When I started off on reverse engineering, I noticed that there was a lack of good debuggers for the linux platform. GDB is awesome, but not very user-friendly. DDD aimed at creating a nice GUI for gdb, but somehow nothing seems to match IDA Pro. :-/

So, as an addition to my learning process, I wanted to code dd4linux, an abbreviation for “Disassembler and Debugger for Linux”. With a bit of motivation and advice, I started off coding it. I’ve also made it as a project on Sourceforge. Since I’m only a beginner, I focused only on disassembling ELF files on x86 32 bit architecture.

My aim – Develop a full GUI based debugger for the linux platform based on gtk2, mimicking the features of IDA Pro. The debugger will also have extra features such as vulnerability detection.

There are two main steps during disassembly:

  1. File format – Get to know what is the file format of the executable and how the instructions are stored in it.
  2. Instruction Decoding – Once you get to know where the instructions start, the next step is to decode them. Searching for tutorials on how to decode instructions didn’t yield much, but decoding is just the reverse of encoding an instruction. So you just have to reverse the process, and voola, there’s your instruction!

How did I do it?

The right way to do is to always do some background research on what exactly you’re trying to tackle and apply the knowledge in the form of code. In this case, reading the ELF specification manual and the x86-32 instruction manual from Intel. I first tried reading the ELF specification manual. Me being me, I read only the basics and started coding in C to decode an ELF header. I was successful, but only later did I realize that without reading fully, I will not be able to perform full decoding of the ELF file.

Once I could decode the ELF header and know exactly where the instructions are present, I went on to decode each instruction manually with Intel’s instruction manual as reference. I found a very good tutorial on the internet and that helped me a lot to understand instruction decoding.

It takes a lot of patience and memory to decode instructions successfully, and I’m nowhere near the end. I used the source code of objdump, libdisasm as reference on how to decode instructions. I then created a table of x86 instructions in one file, wrote another python file which’ll parse the table and create a structure of opcodes and corresponding instructions. So when I encounter an opcode, I check with the table as to which instruction it means, get the encoding format of that instruction – operand sizes, read the entire instruction, store the instruction in a character buffer and then print it. Simple isn’t it – yes in fact the process is very simple, but the minute details is what boggles your mind and yet matters a lot.
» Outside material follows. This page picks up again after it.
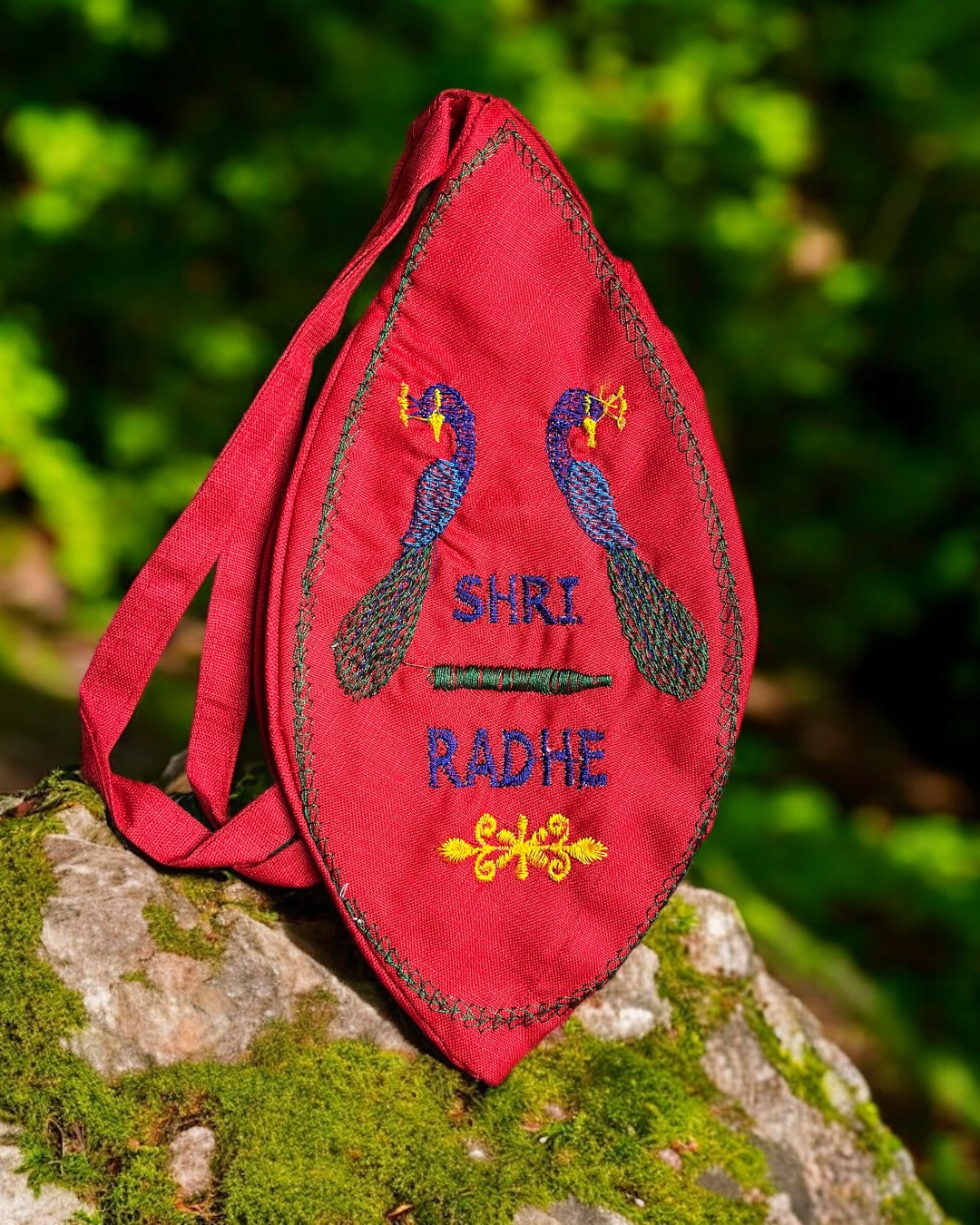 This beautifully crafted jaap bag features “Shri Radhe” embroidery along with peacock motifs, symbolizing divine love and devotion to Radha–Krishna. The yellow color represents purity, positivity, and spiritual energy, helping create a peaceful mindset during meditation and chanting.

Currently, I’m able to decode single byte x86 instructions with proper virtual addressing for each instruction. Multibyte is yet to be done, and the table still lacks instructions with XMM instruction and also VMX instructions. I’ve kept that for later. Symbol table decoding has been done, but dynamic symbol table decoding and hash table decoding is yet to be done.

Well, how do I start! :-/

A long time ago, Zubin once motivated me to join him in reverse engineering. Well, at first I was like “WTH, I have better stuff to do”. I started looking at it anyway, starting from reverse engineering WIN32 executables. Initially, the look of instructions with their opcodes made my head swirl, but then when i actually started understanding it, it was no big deal! Seriously, every program which I have written till now is just a series of “mov”s, “add”s, “sub”s, “lea”s, “call”s, “jmp*”s and definitely a lot of “nop”s.  😛

When it came to debugging, I didn’t know ‘abc’ of it! Initially googling it up gave me “Ollydbg”, “Immunity Debugger”, etc. Tried all, not very appealing to an end user. But along came the king – IDA Pro! Phew, that is one damn good debugger that I’ve worked with till date. Man, it almost puts the cake in your mouth! 😀 The view of an entire program with graphs reduced the complexity in a reverser’s brain to almost nothing!

Anyway, back to the point. When I tried reversing applications, I had found so much of information and vulnerabilities in code which I don’t think is possible any other way! From my experience, reverse engineering is definitely worth it!

“Coding a program is one thing, knowing how it works is an entirely different thing – A true programmer knows both.”